We reasoned that the main difference between our and previous studies (Iametti et al., 2015) was the absence of IscS in the latter and explored the possibility of a previously unidentified direct interaction between the two proteins. Using NMR and microscale thermophoresis, two techniques which can detect interactions with high sensitivity, we could prove that HscB and IscS interact together and that the surface of interaction involves the long stem of the L-shaped structure of HscB and the cavity of IscS close to the active site. The biological relevance of the interaction cannot easily be doubted since the affinity is comparable with that of by now established interaction with IscU (both KDs are around 10 μM; Hoff et al., 2000). The surface of interaction involves the region of IscS in the interface between the two protomers and the active site. This surface has already been involved in the interaction with other components of the isc machine which bind with similar weak affinity (Prischi et al., 2010b; Yan et al., 2013).

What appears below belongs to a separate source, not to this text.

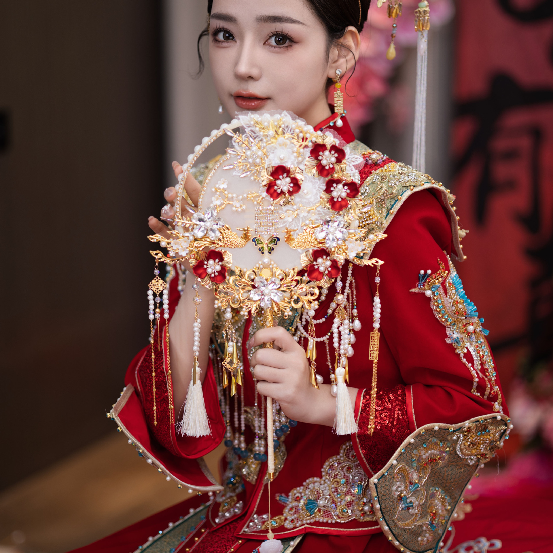 Grosir Pengantin Wanita Pakaian Xiuhe Kipas Pernikahan Buatan Tangan Aksesori Pakaian Pernikahan Gaya Tiongkok Kipas Produk Jadi Dua Warna Merah Emas 9204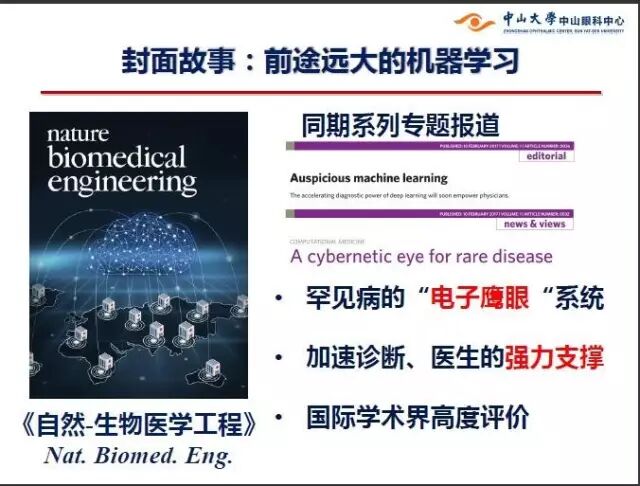 2017年2月,中山大学中山眼科中心刘奕志教授领衔中山大学联合西安电子科技大学的研究团队,利用深度学习算法,建立了“CC-Cruiser先天性白内障人工智能平台”。该人工智能程序,模拟人脑,对大量的先天性白内障图片进行分析和深度学习,不断反馈提高诊断的准确性。将该程序嵌入到云平台后,通过云平台上传图片,即可获得先天性白内障的诊断、风险评估和治疗方案。原创论文2017年2月份在《Nature Biomedical Engineering》杂志作为封面文章(封面故事:前途远大的机器学习)发表,并作为该期精选新闻。

Our results thus suggest the possibility that IscS acts as the template and mediates the interaction of the chaperones with its preferential partner IscU. An IscS-mediated interaction with IscU was also observed for the bacterial CyaY which does not interact directly with IscU at variance with the longer eukaryotic ortholog (Layer et al., 2006; Adinolfi et al., 2009). Our unexpected results may change completely our perspective of the events involved in the isc machine: the whole scene of action for FeS cluster formation seems now to gravitate around IscS rather than involving two different machines, one on IscS and the other on the two chaperones, as previously suggested. It also proposes a potentially different role of the two chaperones and possibly of all chaperones: they are not just passive players able to “help” folding but more active components of the cellular machine. A similar view was also put forward in a recent comprehensive review (Finka et al., 2016) in which it is proposed that all chaperones are unfoldases. This hypothesis could explain the inhibitory effect of HscB and HscB/HscA on cluster formation and on desulfuration and would be consistent with the structure of the complex of HscA with a L99PPVK103 peptide from IscU, where the peptide, which forms a tight turn in full-length IscU, is fully extended (Cupp-Vickery et al., 2004). It would however, be at variance with evidence suggesting that HscB binds preferentially the structured state of IscU (Kim et al., 2012) and leave open the exact role of HscB on IscS.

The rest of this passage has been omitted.